Absicherung der Praxis Was Mediziner wirklich brauchen
Welche Versicherungen braucht eine Arztpraxis wirklich? Überblick für Medizinstudierende & junge Ärzte – von Berufshaftpflicht bis Praxisausfall.
- Viele Medizinstudierende planen früh eine eigene Niederlassung oder Gemeinschaftspraxis – wer sich jetzt informiert, trifft später bessere Entscheidungen.

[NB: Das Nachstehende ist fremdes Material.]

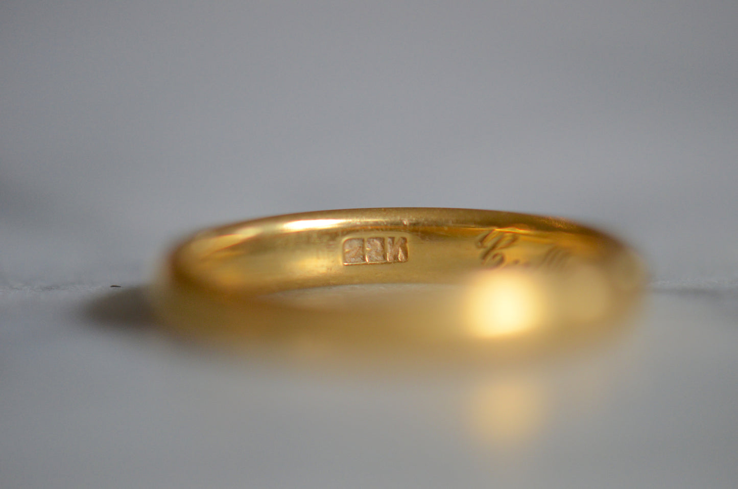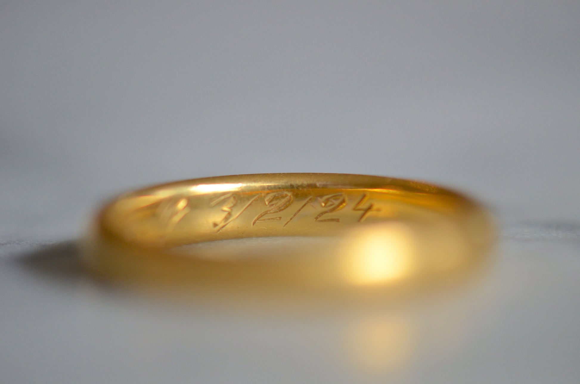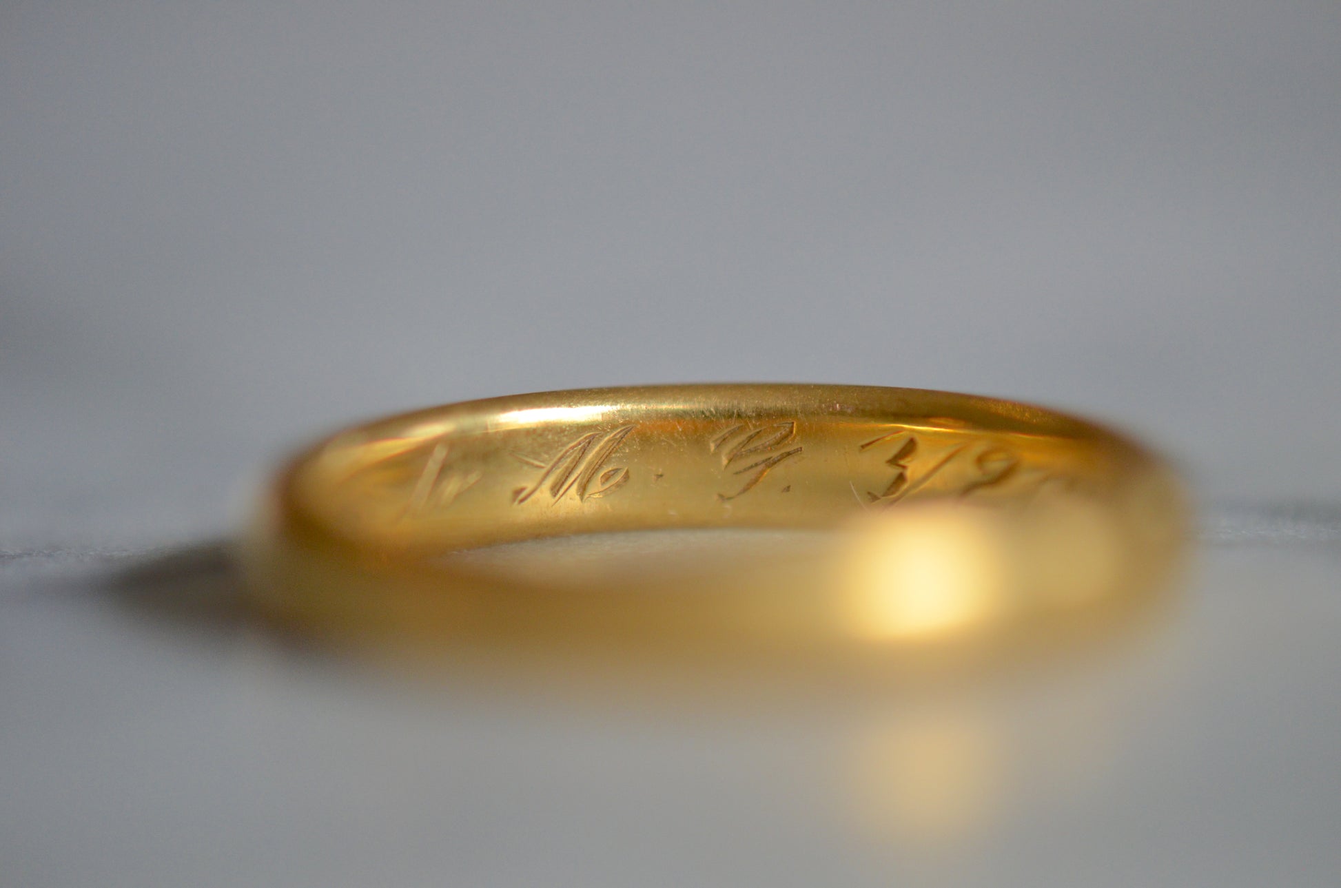 Engraved inside with the initials CM to MG 3/2/24, this old wedding band likely represented a March union, as it appears to be American-made rather than British, but at this point I'm sure the ring won't mind if you choose her to represent a special occasion in early February as well. At 95 years old, she's just shy of being a true "antique," and she has a lot of life in her yet. Her weight and dimensions make her an ideal wedding band, up to the task of everyday wear, or simply a perfect base layer upon which to build your stacks.

- Weiterbildungszeit (Assistenzarzt) und Niederlassung bringen unterschiedliche Versicherungspflichten mit sich.
- Frühzeitige Planung schützt vor teuren Versorgungslücken beim Praxisstart.
- Gesetzlich vorgeschriebene Absicherungen (z. B. Berufshaftpflicht für Ärzte) sind keine Option, sondern Voraussetzung für die Zulassung.
Praxisabsicherung für Ärzte: Was wirklich zählt
Viele Ärztinnen und Ärzte planen früh eine eigene Niederlassung oder Gemeinschaftspraxis – wer sich jetzt informiert, trifft später bessere Entscheidungen.
Wer eine eigene Arztpraxis führt oder plant, trägt unternehmerische Verantwortung – gegenüber Patient:innen, Mitarbeitenden und sich selbst. Die richtige Absicherung der Praxis ist dabei kein optionaler Luxus, sondern die Basis für wirtschaftliche Stabilität und rechtliche Handlungsfähigkeit.
AUF EINEN BLICK
- Anstellungsverhältnis und Niederlassung bringen unterschiedliche Versicherungspflichten mit sich.
- Frühzeitige Planung schützt vor teuren Versorgungslücken beim Praxisstart.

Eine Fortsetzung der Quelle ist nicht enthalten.